Your old uncle Tom inherited a piece of land from his great-great-uncle. Originally, the property had been in the shape of a rectangle. A long time ago, however, his great-great-uncle decided to divide the land into a grid of small squares. He turned some of the squares into ponds, for he loved to hunt ducks and wanted to attract them to his property. (You cannot be sure, for you have not been to the place, but he may have made so many ponds that the land may now consist of several disconnected islands.)

Your uncle Tom wants to sell the inherited land, but local rules now regulate property sales. Your uncle has been informed that, at his great-great-uncle's request, a law has been passed which establishes that property can only be sold in rectangular lots the size of two squares of your uncle's property. Furthermore, ponds are not salable property.

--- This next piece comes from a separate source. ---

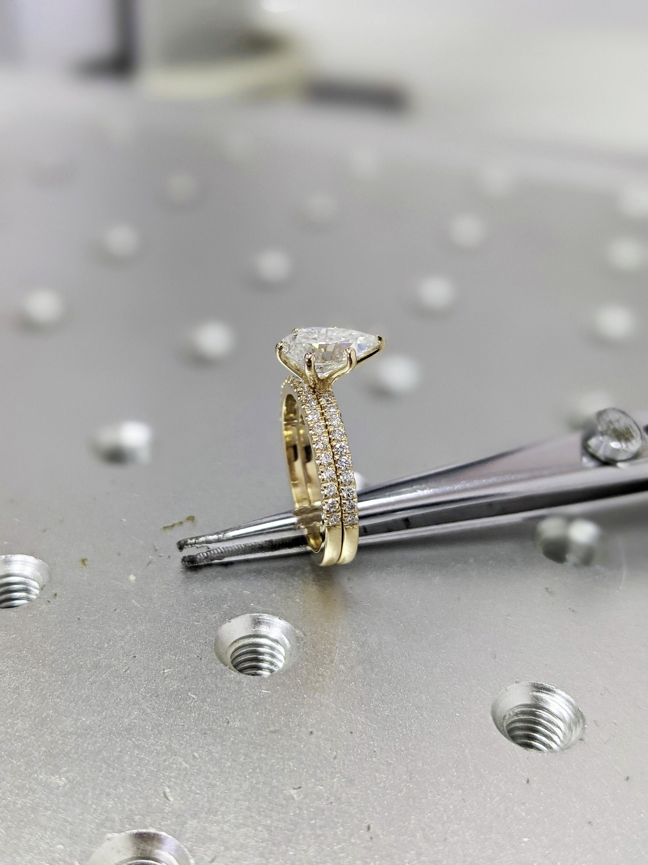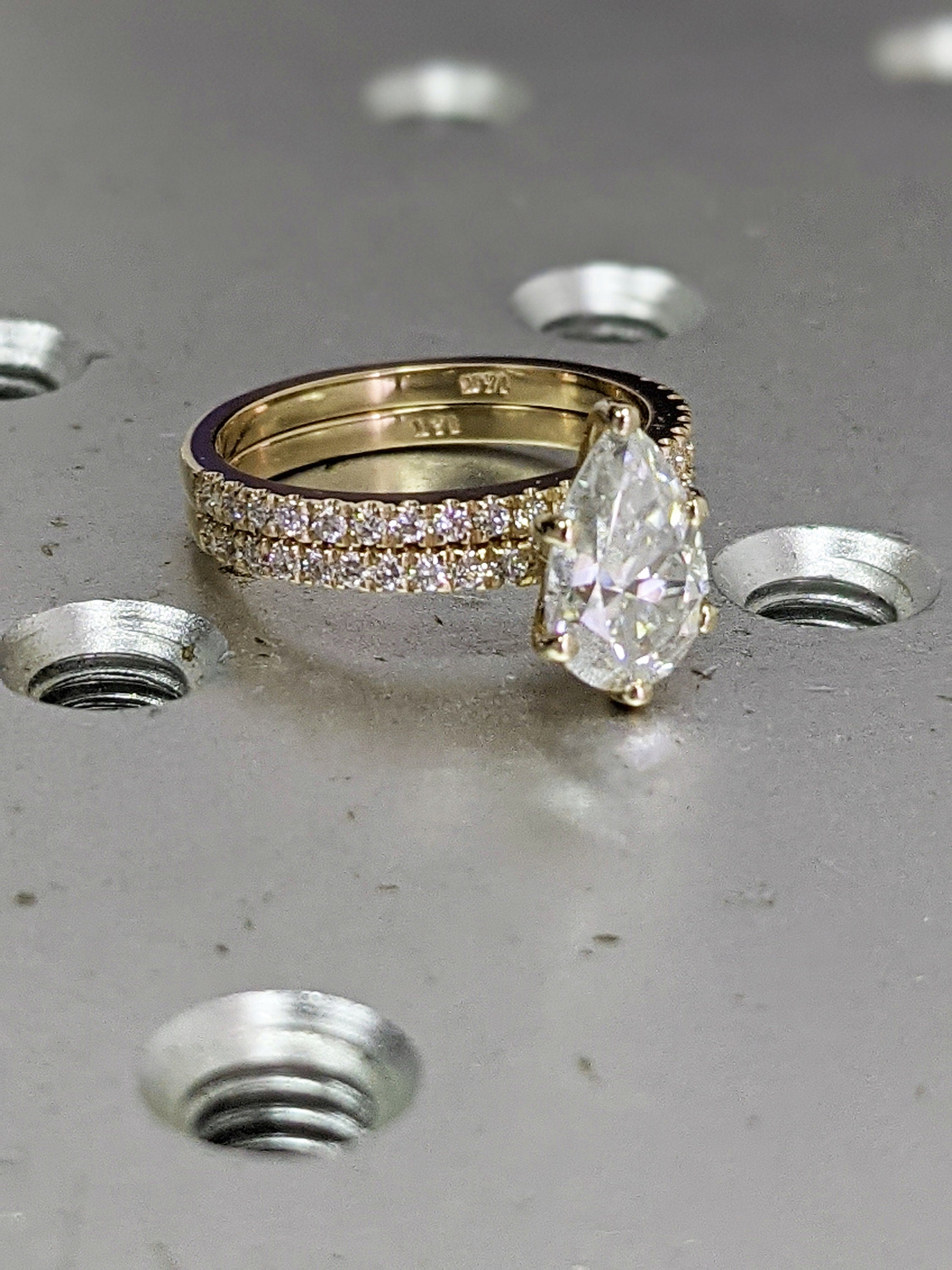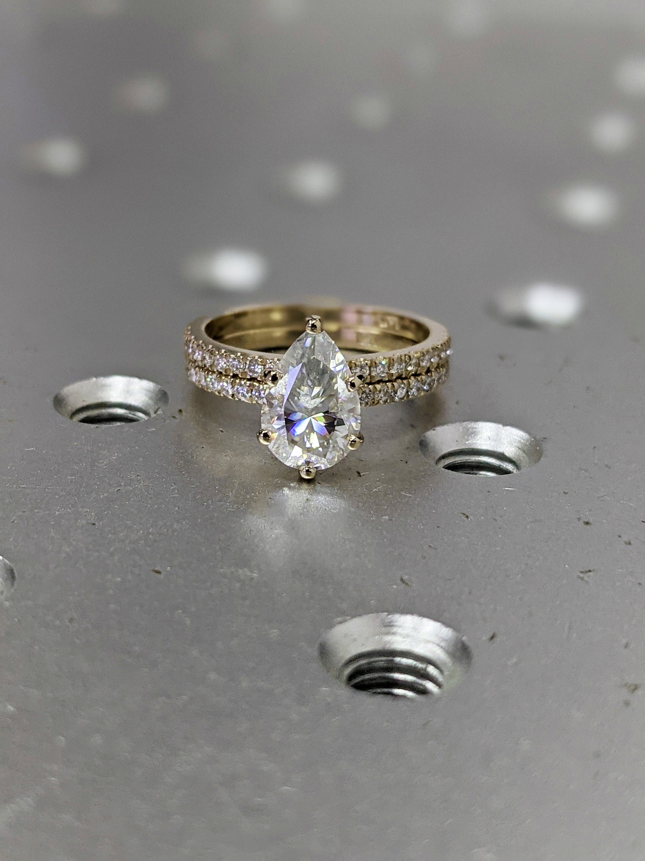 A beautiful pear shaped moissanite, set with a super delicate and thin setting, paved with a row of moissanites from both sides, a thin band of 1.6mm width, make this ring a true stunner!

Your uncle asked your help to determine the largest number of properties he could sell (the remaining squares will become recreational parks).

Input

Input will include several test cases. The first line of a test case contains two integers N and M, representing, respectively, the number of rows and columns of the land (1 <= N, M <= 100). The second line will contain an integer K indicating the number of squares that have been turned into ponds ( (N x M) - K <= 50). Each of the next K lines contains two integers X and Y describing the position of a square which was turned into a pond (1 <= X <= N and 1 <= Y <= M). The end of input is indicated by N = M = 0.

Output

For each test case in the input your program should produce one line of output, containing an integer value representing the maximum number of properties which can be sold.

Sample Input

4 4
6
1 1
1 4
2 2
4 1
4 2
4 4
4 3
4
4 2
3 2
2 2
3 1
0 0

Sample Output

4
3

   

        将没建成pond 的land按坐标的和分为 奇、偶 两组，显然同组的不能合在一起卖掉，这样就把问题转化为二分匹配了

 

#include <cstdio>
#include <cstring>
#define maxn 105
#define maxp 55

int  map[maxn][maxn], id[maxn][maxn];
bool state[maxp], graph[maxp][maxp];
int  link[maxp];  
int  odd, even;

bool find(int p){
    for(int i = 1; i <= even; i++){
     	if(graph[p][i] && !state[i]){
            state[i] = 1;  
            int j = link[i];
            if( !j  || find(j) ){
                link[i] = p;  return true;
            }
        }
    }
    return false;
}

int main(){
    int m, n, k, x, y, ans;
    while(~scanf("%d %d", &n, &m) && n && m){
        memset(map, 0, sizeof(map));
        scanf("%d", &k);
        while(k--){
        	scanf("%d %d", &x , &y);
        	map[x][y] = 1;
        }

        odd = 0; even = 0;
        memset(id, 0, sizeof(id));
        for(int i = 1; i <= n; i++)
        	for(int j = 1; j <= m; j++){
                if(!map[i][j])
                	if((i + j ) % 2 == 0)
                		id[i][j] = ++odd;
                	else 
                		id[i][j] = ++even;
        	}

        memset(graph, 0, sizeof(graph));
        for(int i = 1; i <= n; i++)
           	for(int j = 1; j <= m; j++)
                if(id[i][j])
                	if((i + j) % 2 == 0){
                        graph[ id[i][j] ][ id[i+1][j] ] = 1;
                        graph[ id[i][j] ][ id[i][j+1] ] = 1;
                	}
                	else{
                		graph[ id[i+1][j] ][ id[i][j] ] = 1;
                		graph[ id[i][j+1] ][ id[i][j] ] = 1;
                	}
        
        ans = 0;
        memset(link, 0, sizeof(link));
        for(int i = 1; i <= odd; i++){
	        memset(state, 0, sizeof(state));
            if(find(i))   ans++;   
        }
        printf("%d\n", ans);    
    }    
    return 0;
}